A cosmo synthesizer on display at the Toshio Kashio Memorial Museum of Invention.
Photo:Takashi Yashima
  And speaking of CASIO during this period, no one can forget the name Yukihiro Takahashi. With his career as drummer/vocalist of the band YMO, he’s one artist who symbolized the age. In a tour article in the February 1986 issue, he explained that in addition to a CZ-5000 created to custom specifications (designed so a stick could be docked to it), he used a Cosmo Synthesizer as an electric drum sound source and a CASIO RZ-1 rhythm machine for which he provided the samples. The story of how CASIO pursued such formidable product development with Isao Tomita, together with the cooperation with two individuals who represent synthesizer music in Japan, is revealed in other articles from that decade as well.
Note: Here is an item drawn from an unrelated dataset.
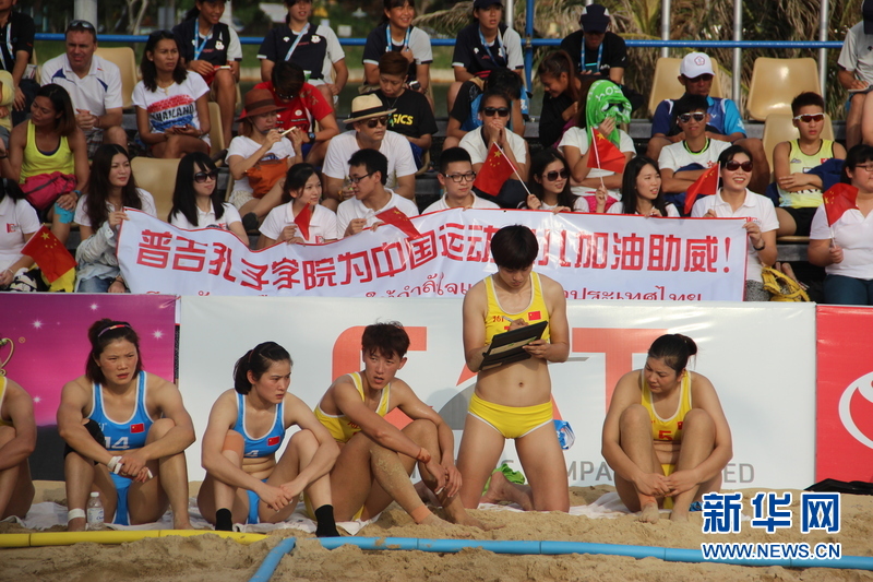 ??? 11月16日,中國沙灘手球運(yùn)動員們比賽中場休息。中國體育代表團(tuán)16日在泰國普吉舉行的第四屆亞洲沙灘運(yùn)動會上勇奪2枚金牌和2枚銅牌。當(dāng)天比賽全部結(jié)束時(shí),中國隊(duì)以3金2銀5銅的成績暫列獎牌榜第五。新華社發(fā)(塔納攝)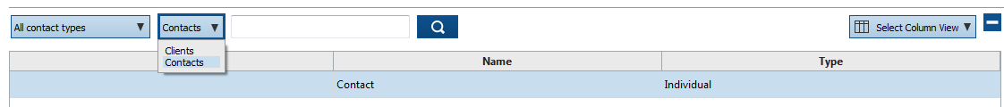 - At the top of the screen, change the view from Clients to Contacts.

  In 1988 the CZ series evolved into the VZ series, which boasted an iPD sound source that grew out of the PD sound source. According to a Keyboard Magazine article, the thin sound from digital synthesizers often was a problem, and the robust sound of the VZ series proved popular.s
  CASIO’s electronic instrument technology has been passed down continuously over the years, to the high-grade keyboard CT-X series introduced in 2018 and Casiotone CT-S200 released in 2019, and to CASIO electronic pianos, beginning with the Privia series and the CELVIANO series. In the years ahead as well, CASIO’s advanced technology will undoubtedly remain popular with various keyboard artists and Keyboard Magazine.